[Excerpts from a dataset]
Segment Open
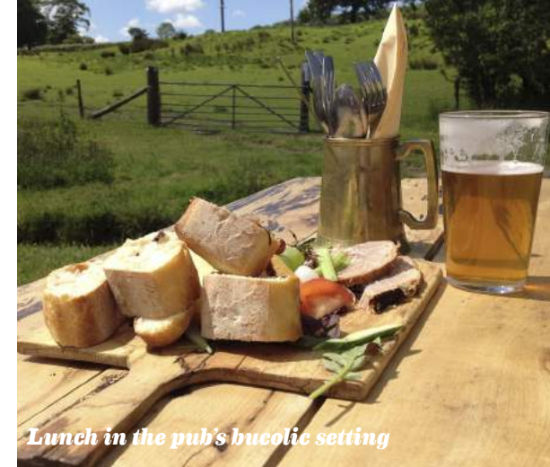
Lunch in the pub's bucolic setting

Little Cwm Colebatch sleeps 6; rental costs from £785 for 3 nights (sheepskinlife.com). olive offer: Book 4 nights and receive 10% off a stay at any Sheepskin property. Standard T&Cs apply. Book by 31 October, valid until 31 January 2015. Please quote olive magazine when booking
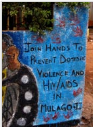
One of CEDOVIP's new Murals

The media (radio stations) kept domestic violence issues in the limelight. Many community members resolved to encourage each other to take action against DV and urged their LCs to sign the DV bylaw and parishes also signed the bylaws. Many men were continuously engaged through activities like sporting events, peer to peer discussions, and couples seminars, which saw many of them committing to supporting the causes of preventing DV. CEDOVIP also launched a three new men's murals with an HIV positive men's group calling for men in the community to open up and take action against violence and HIV.
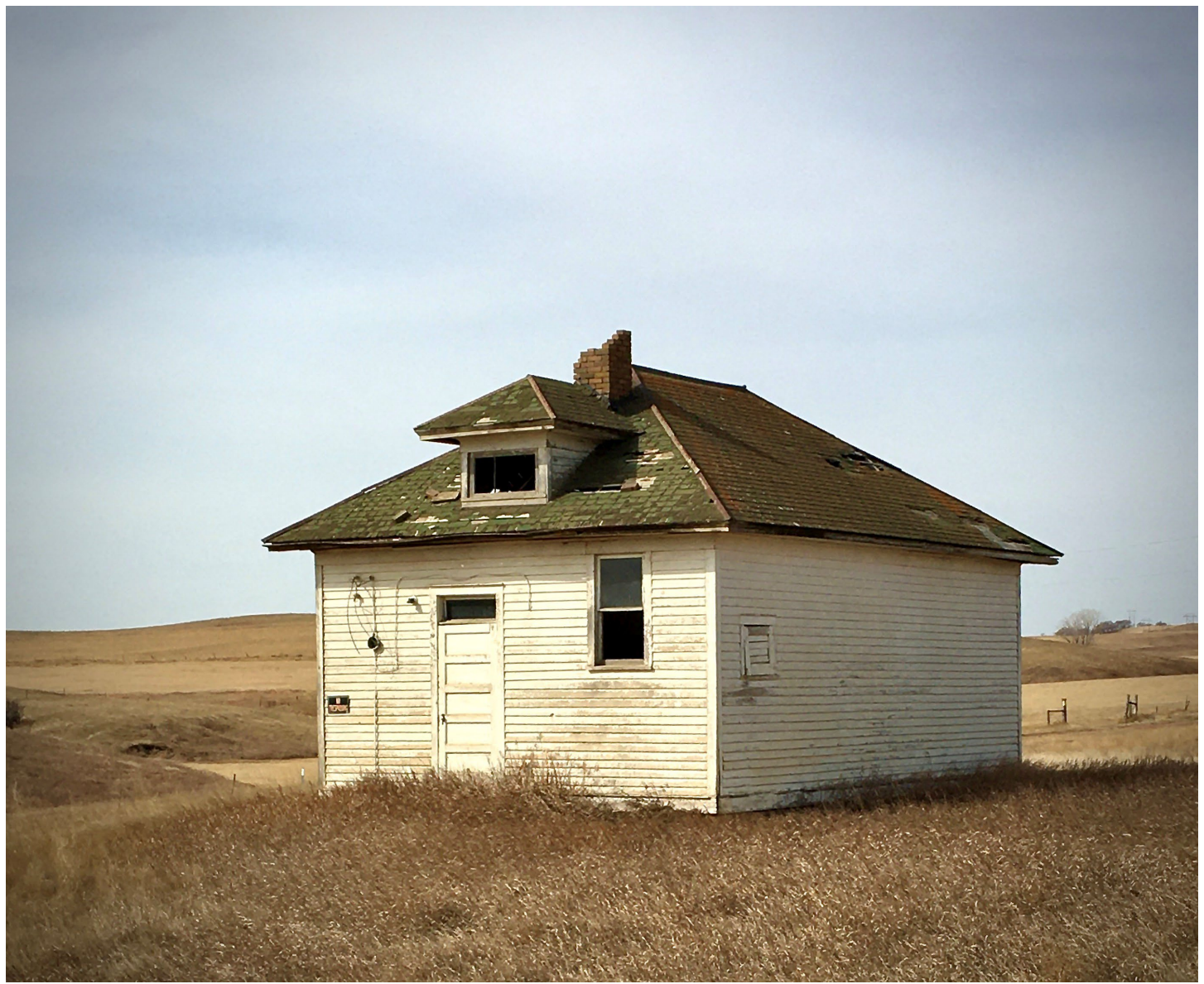
Willard Tormasky photo taken 4/5/2021, submitted to SHSND 4/15/2021

Field Code ______ SITS# 32 ___ SK __1216
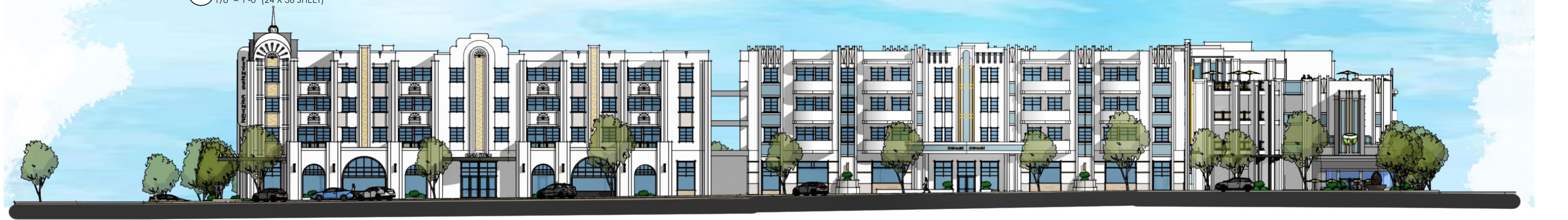
1 WEST ELEVATION 1/8" = 1'-0" (24 X 36 SHEET)
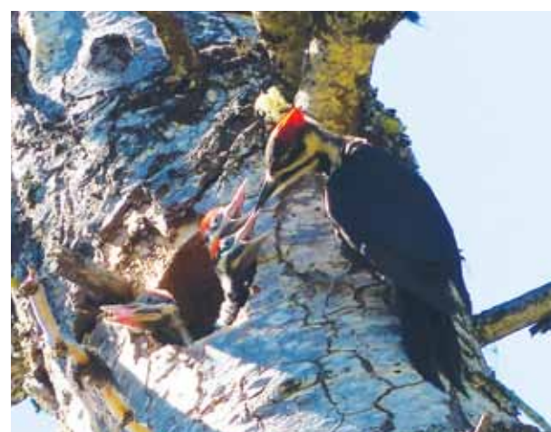
A Pileated Woodpecker pair stays together on its territory all year-round and is a nonmigratory species.
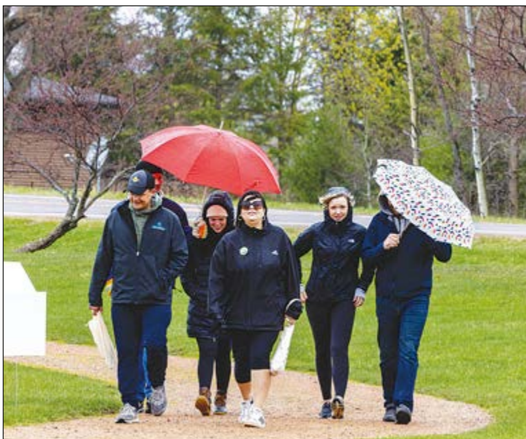
Walkers turned out to take part in the Raise Your Voice Walk despite the damp weather.

The event was hosted by Merrill's Raise Your Voice Club, a student-run organization at Merrill High School, and sponsored by Aspirus and the National Alliance for Mental Illness (NAMI) Northwoods. Raise Your Voice Club exists to help raise awareness of mental health, advocate for change, share resources, and support others.
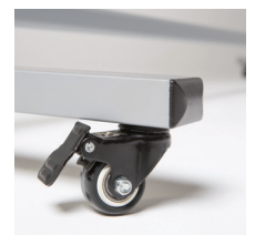
Sturdy locking wheels
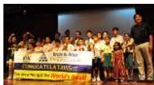
The winners from Brainbuilder - Dr. Fong Maths, in celebratory mood, with their awards
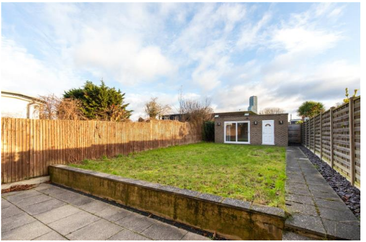
NORMAN WAY, LONDON, W3 £995,000 FREEHOLD
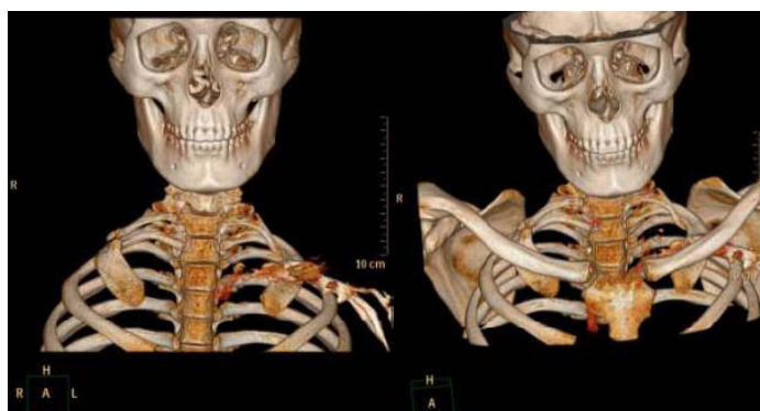
[Table/Fig-1 a&b]: 3D CT images showing bilateral cervical ribs with pseudoarthrosis on the rightside

CT scan of the neck was done using the Phillips Brilliance 128 slice CT Scanner. Multiplanar & 3D reconstructions were done in the workstation. CT scan revealed Bilateral partial cervical ribs. The right cervical rib showed a pseudoarthrosis with the 1 st thoracic rib on the right side [Table/Fig-1 a,b]. An accessory bone was also present at the articulation site with minimal soft tissue [Table/Fig-2]. There was
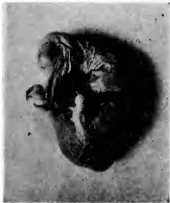
第五十二圖 アマツバメの雛 (實物大)
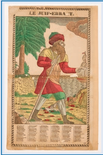
Le Juif-Errant , French broadside, ca. 1800

The drive to establish parameters of Jewish art dates to the Second Commandment: “Thou shalt not make any graven (or sculpted) image, or any likeness of anything that is in the heaven above, or that is in
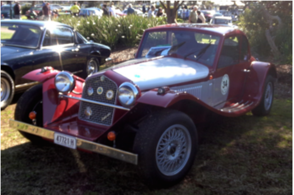
Above: An Alfa Romeo at the All British Day. Below: Jaguars on display at the All British Day.
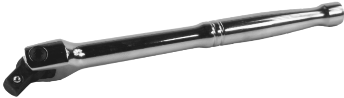
Breaker bar for holding the bottom, side or top of the crimper or cutter. Also can turn the head for cutting and crimping.
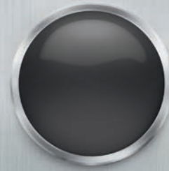
PHANTOM GRAY (EX)

YOU SEEK ADVENTURE AND ARE THE LIFE OF THE PARTY. NO CHILI PEPPER IS OFF LIMITS TO YOU.
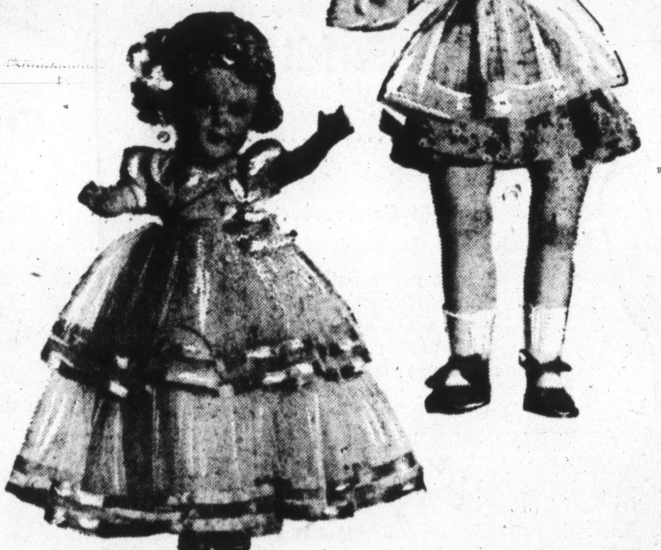
Tiny Mannequins for Young Dressmakers

"As I went walking down the street, I met a dolly mighty sweet." She's 24 inches tall, blonde or brunette, at . . . $14.98 Or 20 inches tall at . . . $9.95
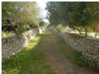
Fig. 86. Catalonia, Spain.
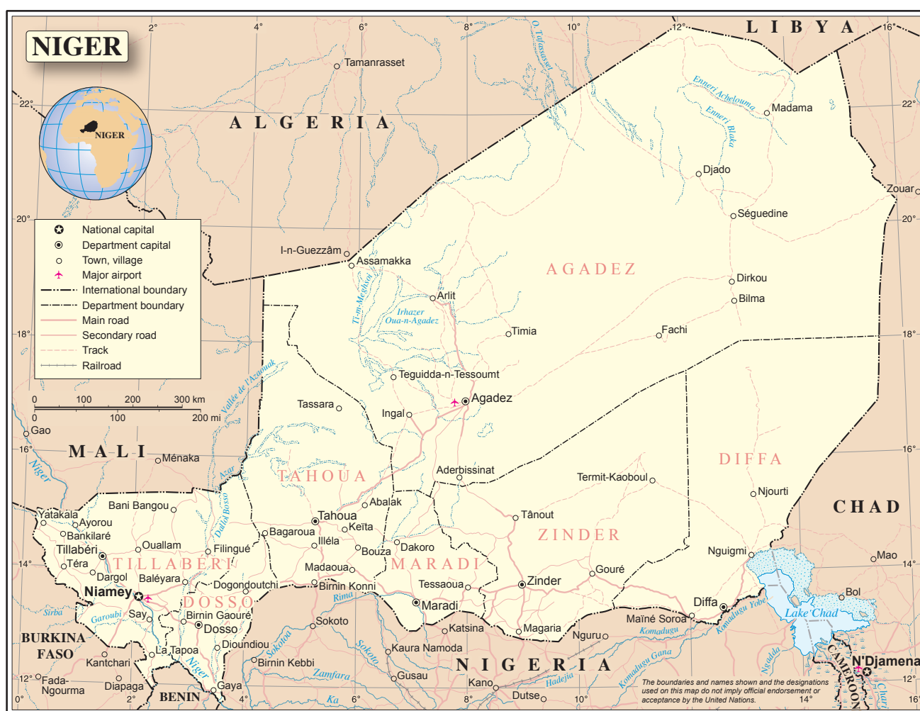
Figure 5. Map of Niger showing some of the border posts on the transit corridors with the neighbouring ECOWAS member States of Benin, Burkina Faso, Mali and Nigeria
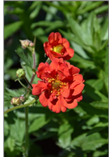
Blazing Sunset Avens flowers

Blazing Sunset Avens is recommended for the following landscape applications;
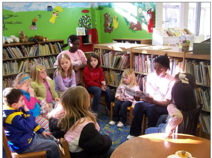
HIPPY Group Meeting
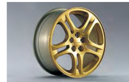
22 Alloy wheel 5-spoke, Gold (17 inch) 28111FE021
Segment Closed
- What to work on:
Please write out, word for word, each line from the one with "Tiny Mannequins for Young Dressmakers" to the last line of the data, keeping both ends and omitting pictures.

- Answer to the problem:
Tiny Mannequins for Young Dressmakers

"As I went walking down the street, I met a dolly mighty sweet." She's 24 inches tall, blonde or brunette, at . . . $14.98 Or 20 inches tall at . . . $9.95
Fig. 86. Catalonia, Spain.
Figure 5. Map of Niger showing some of the border posts on the transit corridors with the neighbouring ECOWAS member States of Benin, Burkina Faso, Mali and Nigeria
Blazing Sunset Avens flowers

Blazing Sunset Avens is recommended for the following landscape applications;
HIPPY Group Meeting
22 Alloy wheel 5-spoke, Gold (17 inch) 28111FE021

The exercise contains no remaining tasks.